**What this task involves:** In the records below, the relevant part opens with the line containing "本报讯 日前,国家纺织面料馆" and closes with the line containing "- Cabinet forms"; print that part exactly and only, without its pictures.

---------- Extracted entries

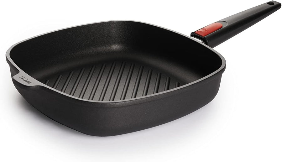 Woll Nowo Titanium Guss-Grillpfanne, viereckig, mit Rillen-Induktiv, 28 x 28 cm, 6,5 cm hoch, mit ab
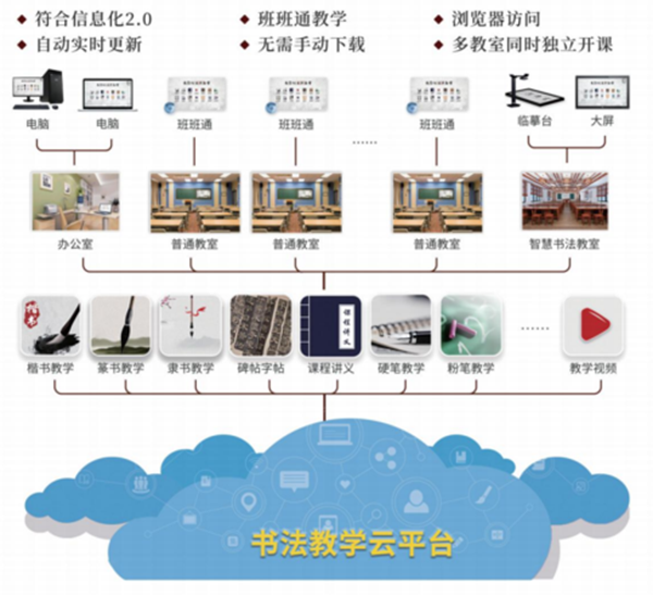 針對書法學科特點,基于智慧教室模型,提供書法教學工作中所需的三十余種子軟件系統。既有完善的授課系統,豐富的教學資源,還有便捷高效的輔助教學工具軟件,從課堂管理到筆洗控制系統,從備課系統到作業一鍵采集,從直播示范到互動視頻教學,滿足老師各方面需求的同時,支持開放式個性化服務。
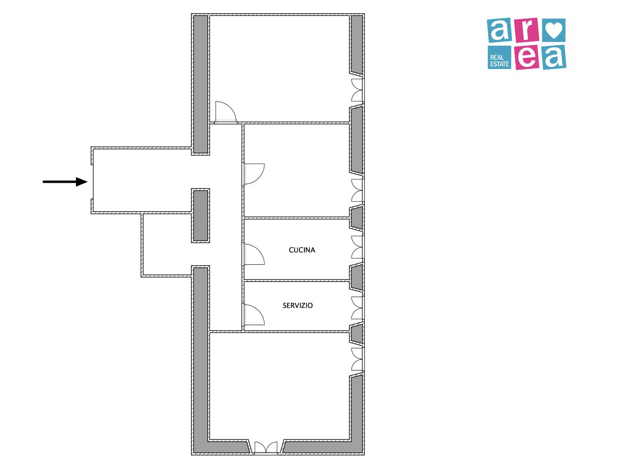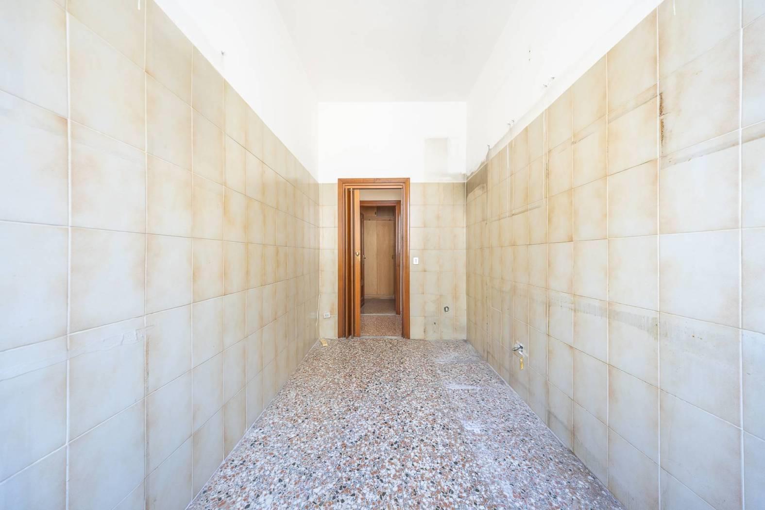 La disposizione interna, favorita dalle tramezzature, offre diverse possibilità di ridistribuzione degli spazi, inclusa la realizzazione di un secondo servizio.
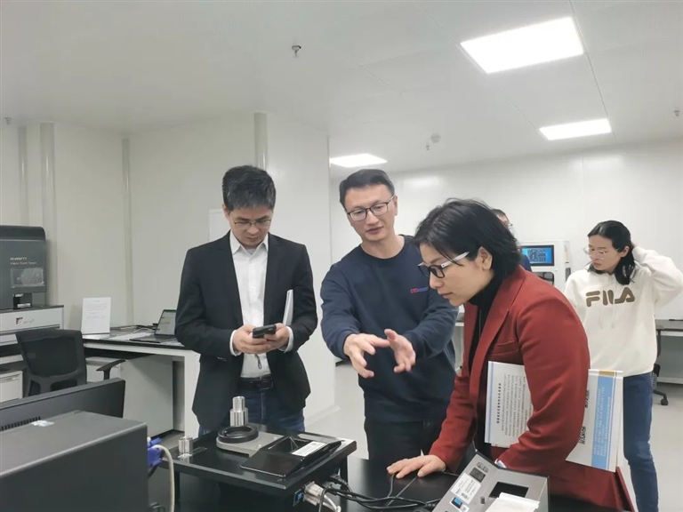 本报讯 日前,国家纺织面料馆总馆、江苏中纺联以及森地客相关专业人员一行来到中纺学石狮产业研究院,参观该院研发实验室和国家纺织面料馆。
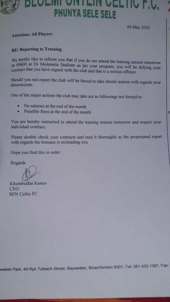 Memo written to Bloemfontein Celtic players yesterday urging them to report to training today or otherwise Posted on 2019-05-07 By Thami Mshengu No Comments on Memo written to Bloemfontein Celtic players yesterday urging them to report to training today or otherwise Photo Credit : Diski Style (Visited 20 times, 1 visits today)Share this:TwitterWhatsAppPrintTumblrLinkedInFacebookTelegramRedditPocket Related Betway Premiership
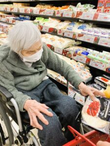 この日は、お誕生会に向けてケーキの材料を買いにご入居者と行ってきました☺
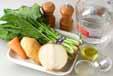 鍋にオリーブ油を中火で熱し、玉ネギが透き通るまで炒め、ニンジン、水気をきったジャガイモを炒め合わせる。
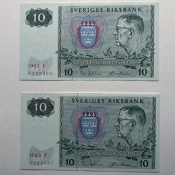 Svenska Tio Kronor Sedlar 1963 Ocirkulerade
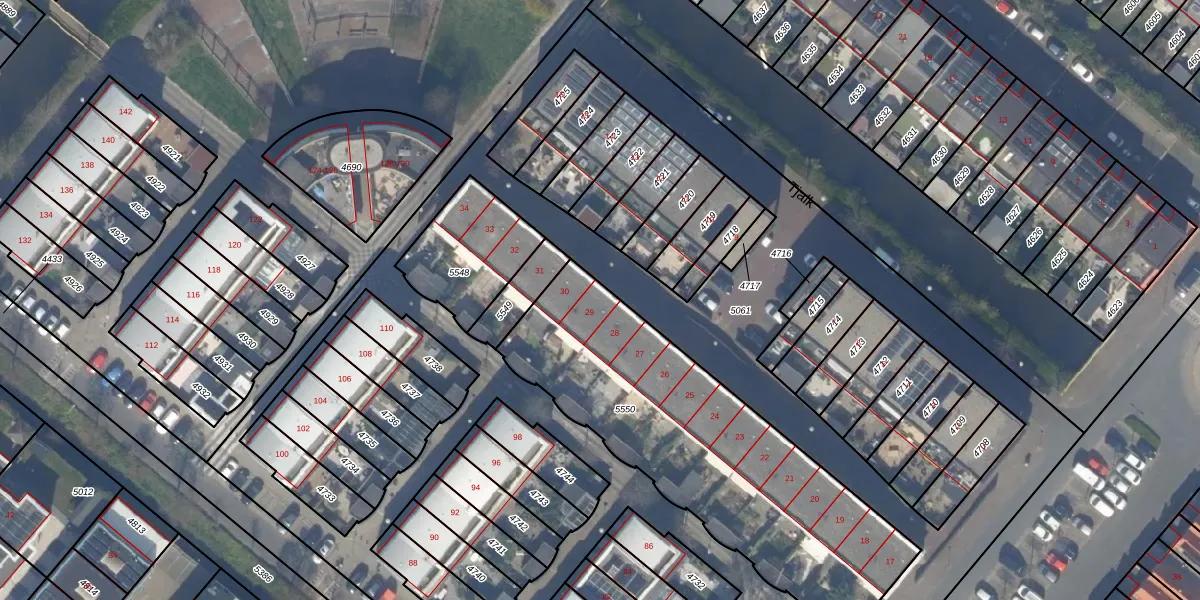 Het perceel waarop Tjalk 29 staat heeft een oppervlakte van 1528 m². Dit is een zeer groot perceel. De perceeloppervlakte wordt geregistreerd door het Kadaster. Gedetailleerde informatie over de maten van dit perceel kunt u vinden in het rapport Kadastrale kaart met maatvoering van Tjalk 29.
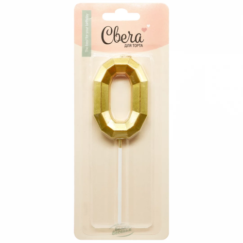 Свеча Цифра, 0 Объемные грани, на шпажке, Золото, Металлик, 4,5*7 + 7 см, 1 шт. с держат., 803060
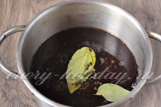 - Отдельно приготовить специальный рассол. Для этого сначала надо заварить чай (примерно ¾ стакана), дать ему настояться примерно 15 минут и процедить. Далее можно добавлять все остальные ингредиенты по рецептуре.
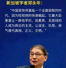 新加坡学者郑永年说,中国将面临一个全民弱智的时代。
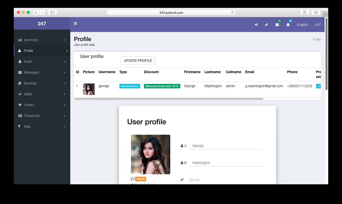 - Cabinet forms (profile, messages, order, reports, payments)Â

--------------------
---------- Extracted entries

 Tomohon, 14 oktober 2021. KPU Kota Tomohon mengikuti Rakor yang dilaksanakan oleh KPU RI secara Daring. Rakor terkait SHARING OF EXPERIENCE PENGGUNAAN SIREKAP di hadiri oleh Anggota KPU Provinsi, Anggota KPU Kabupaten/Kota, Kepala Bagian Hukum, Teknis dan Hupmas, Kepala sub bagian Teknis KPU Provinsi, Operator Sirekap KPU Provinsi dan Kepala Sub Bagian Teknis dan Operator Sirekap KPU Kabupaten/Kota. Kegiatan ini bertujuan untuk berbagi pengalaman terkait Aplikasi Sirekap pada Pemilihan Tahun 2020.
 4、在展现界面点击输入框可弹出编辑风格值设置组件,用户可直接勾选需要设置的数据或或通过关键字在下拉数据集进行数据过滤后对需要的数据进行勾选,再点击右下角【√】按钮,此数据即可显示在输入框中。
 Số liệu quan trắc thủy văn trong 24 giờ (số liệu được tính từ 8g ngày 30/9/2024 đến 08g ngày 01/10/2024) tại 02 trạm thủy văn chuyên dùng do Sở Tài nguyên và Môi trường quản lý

--------------------

**Response:**
 本报讯 日前,国家纺织面料馆总馆、江苏中纺联以及森地客相关专业人员一行来到中纺学石狮产业研究院,参观该院研发实验室和国家纺织面料馆。
 Memo written to Bloemfontein Celtic players yesterday urging them to report to training today or otherwise Posted on 2019-05-07 By Thami Mshengu No Comments on Memo written to Bloemfontein Celtic players yesterday urging them to report to training today or otherwise Photo Credit : Diski Style (Visited 20 times, 1 visits today)Share this:TwitterWhatsAppPrintTumblrLinkedInFacebookTelegramRedditPocket Related Betway Premiership
 この日は、お誕生会に向けてケーキの材料を買いにご入居者と行ってきました☺
 鍋にオリーブ油を中火で熱し、玉ネギが透き通るまで炒め、ニンジン、水気をきったジャガイモを炒め合わせる。
 Svenska Tio Kronor Sedlar 1963 Ocirkulerade
 Het perceel waarop Tjalk 29 staat heeft een oppervlakte van 1528 m². Dit is een zeer groot perceel. De perceeloppervlakte wordt geregistreerd door het Kadaster. Gedetailleerde informatie over de maten van dit perceel kunt u vinden in het rapport Kadastrale kaart met maatvoering van Tjalk 29.
 Свеча Цифра, 0 Объемные грани, на шпажке, Золото, Металлик, 4,5*7 + 7 см, 1 шт. с держат., 803060
 - Отдельно приготовить специальный рассол. Для этого сначала надо заварить чай (примерно ¾ стакана), дать ему настояться примерно 15 минут и процедить. Далее можно добавлять все остальные ингредиенты по рецептуре.
 新加坡学者郑永年说,中国将面临一个全民弱智的时代。
 - Cabinet forms (profile, messages, order, reports, payments)Â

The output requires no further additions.